Spar: Let me push back a little bit. Going back to what Richard said, it’s almost incontrovertible that marriage is good for children. It doesn’t necessarily have to be a legal marriage. It doesn’t have to be a heterosexual marriage, but as Eve’s talking about, raising kids is hard. It’s really hard. It does take a village, it takes a tribe, it takes cousins and grandparents. And part of the societal problem we’re living with is we’ve all moved away from our birth families. And we know fertility numbers are shrinking, so the village is disappearing, which puts all of the pressure on the marriage, on two feeble, fragile people to raise a child. As Marx and Engels pointed out many years ago, the original division of labor was within the family. And the math is pretty straightforward. If you have two parents, one can be the income earner and one can be the housekeeper. It works. It’s not fun for those, you know — it’s historically been women who have been stuck with the housework, but the math works. What’s happened in the past 50, 70 years is women have — and God knows, I’m a beneficiary of this — decided, I don’t want to just be changing diapers. I want a job, I want a life, I want friends. I want to go to marches and walks and all these things. The problem is we didn’t find anyone else to take over the housework. And so we’ve created a problem, and this isn’t to get the lazy husbands off the hook. It’s, as I’m fond of saying, it’s a math problem. We don’t have another set of hands to take care of the labor that women are no longer willing to do by themselves. And the last thing I’ll say is, women, for better and worse, have come up with multiple identities since feminism. We can be working moms and we can be single mothers, and we have a range of identities. Men are still largely defined by their role as economic breadwinners. It’s not only that we need to rearrange women’s roles. We need to rearrange men’s roles as well. And we need perhaps to come up with a new version of the nuclear family because the math doesn’t work once women go to work.
Rodsky: Amen.

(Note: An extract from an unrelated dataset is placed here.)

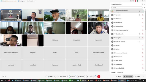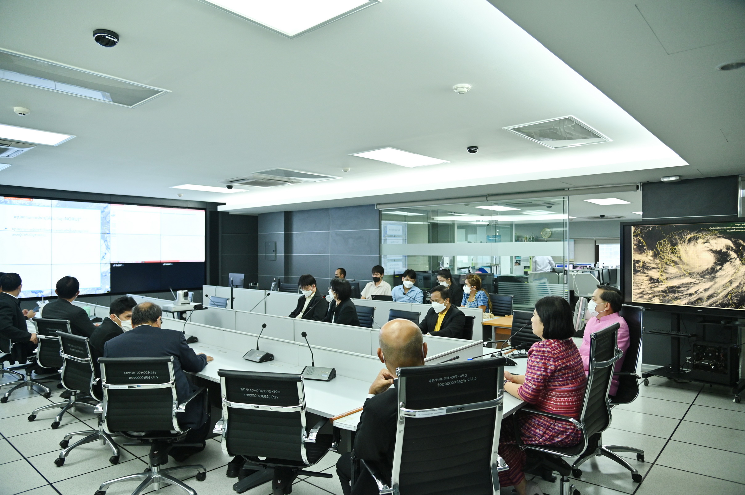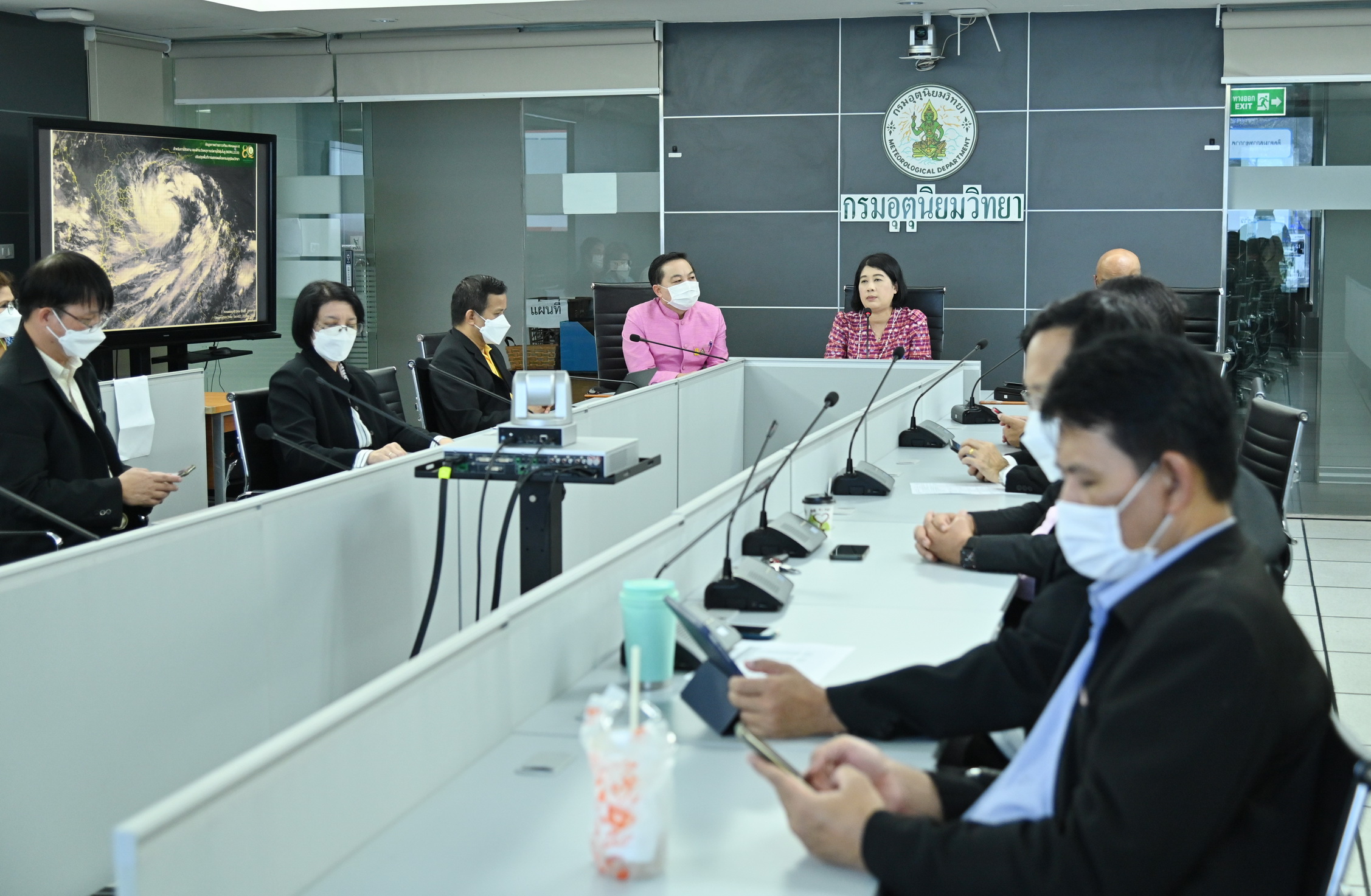 วันอังคารที่ 27 กันยายน 2565 เวลา 14.00 น. ดร. ชมภารี ชมภูรัตน์ อธิบดีกรมอุตุนิยมวิทยา พร้อมด้วย ว่าที่ร้อยตรี ธนะสิทธิ์ เอี่ยมอนันชัย รองอธิบดีฝ่ายวิชาการ นายธนาวุฒิ ปัญจพรอุดมลาภ รองอธิบดีฝ่ายปฏิบัติการ คณะผู้บริหาร นักวิชาการ และเจ้าหน้าที่ผู้เกี่ยวข้องทั้งในส่วนกลางและส่วนภูมิภาค ร่วมประชุมติดตามสถานการณ์ พายุไต้ฝุ่น “โนรู (NORU)” ผ่านระบบ Video Conference ณ ศูนย์ปฏิบัติการพยากรณ์อากาศ ชั้น 11 อาคาร 50 ปี อุตุนิยมวิทยา

That is right.
Schwartz: I think that’s an incredibly important point. Years ago, my wife and I did a small study of the effect of different work and homemaking responsibilities among men and women with young children. And one of the things that turned up that we didn’t expect and had nothing to do with what we were actually looking at is all the men in this sample had children under 5. And one of the things that they described is that they all wanted to be more involved with their children than their fathers had been with them. And they wanted to be just as involved and committed to work as men have always needed to be. And they couldn’t fit everything in, and something had to give. And what gave for almost all of them was friendships, and they basically fell out of connection with their friends over a long period of time. That speaks to the problem that men have in trying to maintain the work role that they’ve always had while somehow adding something else into it. And you can’t do that without cutting something else out.
“Romantic love is pretty much unpaid labor unless you do some serious work at the beginning of your marriage. I think that a lot of women are saying, ‘What’s in it for me?’”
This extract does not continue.